Postby Tom on Mon Jul 27, 2020 7:22 pm

edededed wrote: When Guo Gumin gave pointers to Wen Dasheng (not Fan Fenglan), something must have convinced Wen about the benefits of practicing tangnibu.

Ed



Hi Ed--

You're correct. After his teacher Fan Fenglan (daughter of Fan Zhiyong) died in 1967, Wen Dasheng spoke with Liang Zhenpu's disciple Guo Gumin (who died in 1968) and thereafter adopted tangnibu as a training method in Fan baguazhang, which up until then had practiced xiao cai bu. What Wen Dasheng found to be the benefit of changing to tangnibu, you would of course have to ask him (or Jarek, who interviewed Wen on that point).

My attempted historical point about tangnibu is that it very likely was not something that baguazhang's founder Dong Haichuan taught. It may well have developed with Cheng Tinghua based on his experience with shuai jiao (a nod to John Wang's post here), or as a result of Cheng cross-training with Hebei xingyi practitioners, or both. I just wanted to note that Sun Lutang, a Hebei xingyi practitioner of note who trained baguazhang with Cheng in the early 1890s (well into Cheng's teaching career), did not practice or teach tangnibu.

With respect to tangnibu as a practical training method, without exception every well-known baguazhang master I've looked at uses ziranbu when moving at combat-realistic speed demonstrating applications--including Yang Hai.

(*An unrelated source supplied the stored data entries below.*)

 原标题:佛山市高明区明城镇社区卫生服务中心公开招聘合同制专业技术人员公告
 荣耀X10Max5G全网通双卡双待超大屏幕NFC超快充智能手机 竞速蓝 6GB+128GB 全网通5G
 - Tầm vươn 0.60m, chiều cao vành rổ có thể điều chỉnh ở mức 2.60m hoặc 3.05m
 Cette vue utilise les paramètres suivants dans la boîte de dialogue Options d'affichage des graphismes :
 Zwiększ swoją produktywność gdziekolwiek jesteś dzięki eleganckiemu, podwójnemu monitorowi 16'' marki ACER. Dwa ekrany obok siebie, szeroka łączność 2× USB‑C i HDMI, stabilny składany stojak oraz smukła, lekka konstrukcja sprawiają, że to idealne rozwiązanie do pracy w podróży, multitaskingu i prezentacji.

I've only seen variations of tangnibu used at speed for very specific leg applications--and it's not clear what solo training in tangnibu contributes to the effectiveness of such applications.

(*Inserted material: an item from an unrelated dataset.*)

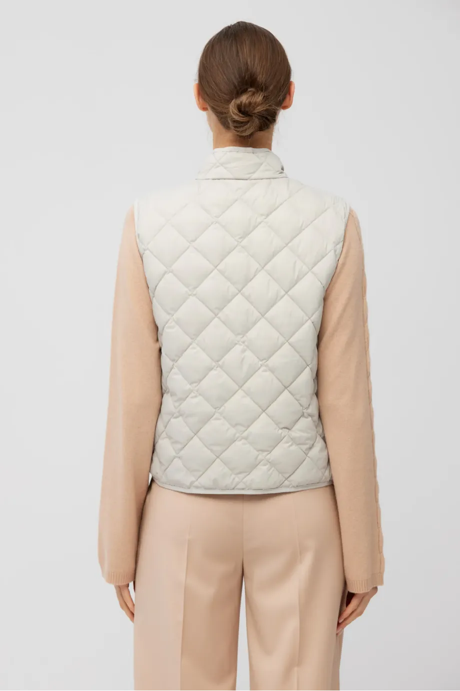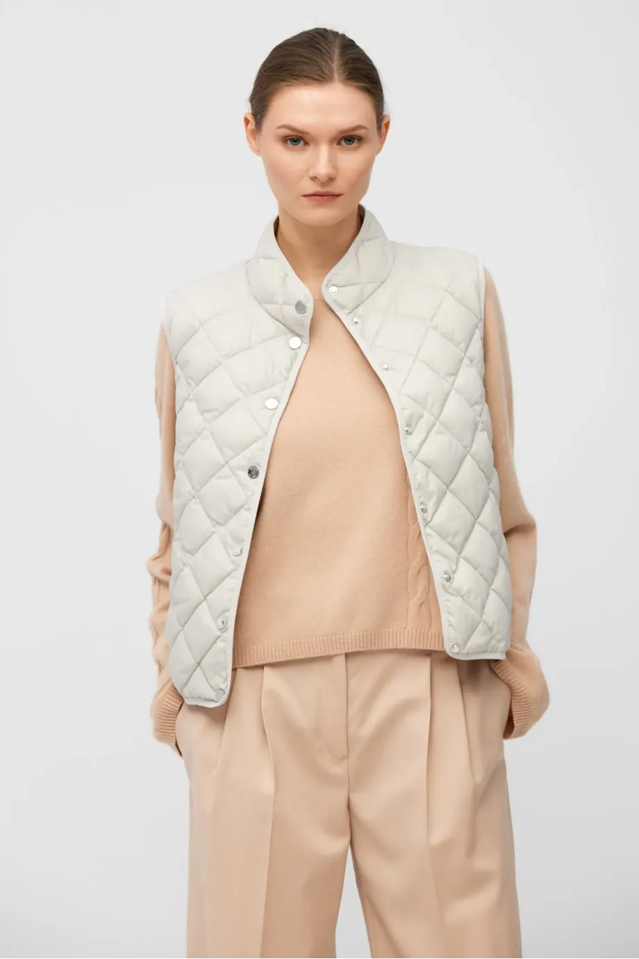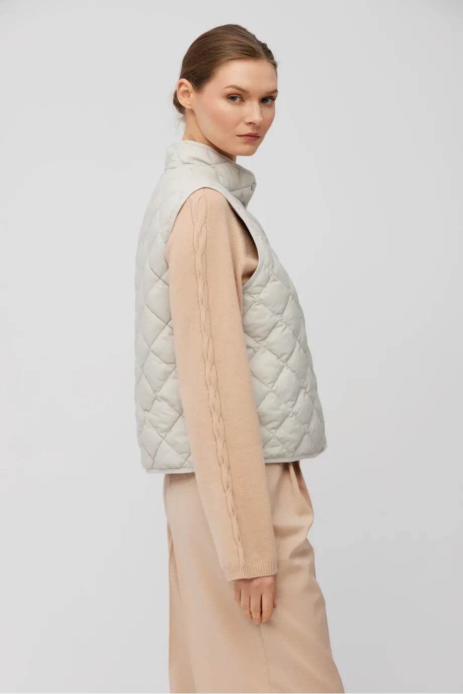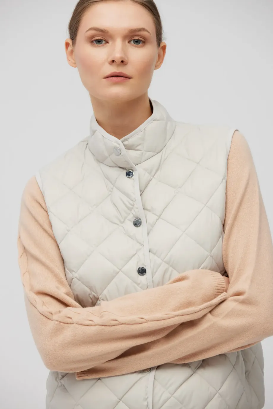 Weste mit natürlicher, dauniger Füllung. Gerader, kurzer Schnitt mit Druckknöpfen. Beige Farbe. Zum eigenständigen Tragen oder als wärmende Schicht unter einem Mantel.

I will say that recently I've carefully studied the movement of a baguazhang practitioner and teacher, also skilled in shuai jiao, who is able to demonstrate a practical connection between at least limited tangnibu and his baguazhang applications--but he is not well-known. Otherwise, I'm pretty much on board with Tim Cartmell, who when I asked him about the point of tangnibu said maybe it was because so many beginning baguazhang students simply didn't know how to walk (with proper alignment). So perhaps tangnibu has value as a rehabilitative mode of physical therapy. Most of the baguazhang practitioners and teachers I've trained with who emphasize tangnibu are very far from being able to move with any kind of celerity and do not really show in their bodies specific conditioning benefits.

But baguazhang is not really my main practice these days, so please don't lose any sleep over my casual observations. If you discern real benefit from tangnibu in your practice, that is really what counts, not the caws of a lone crow on some random Internet forum.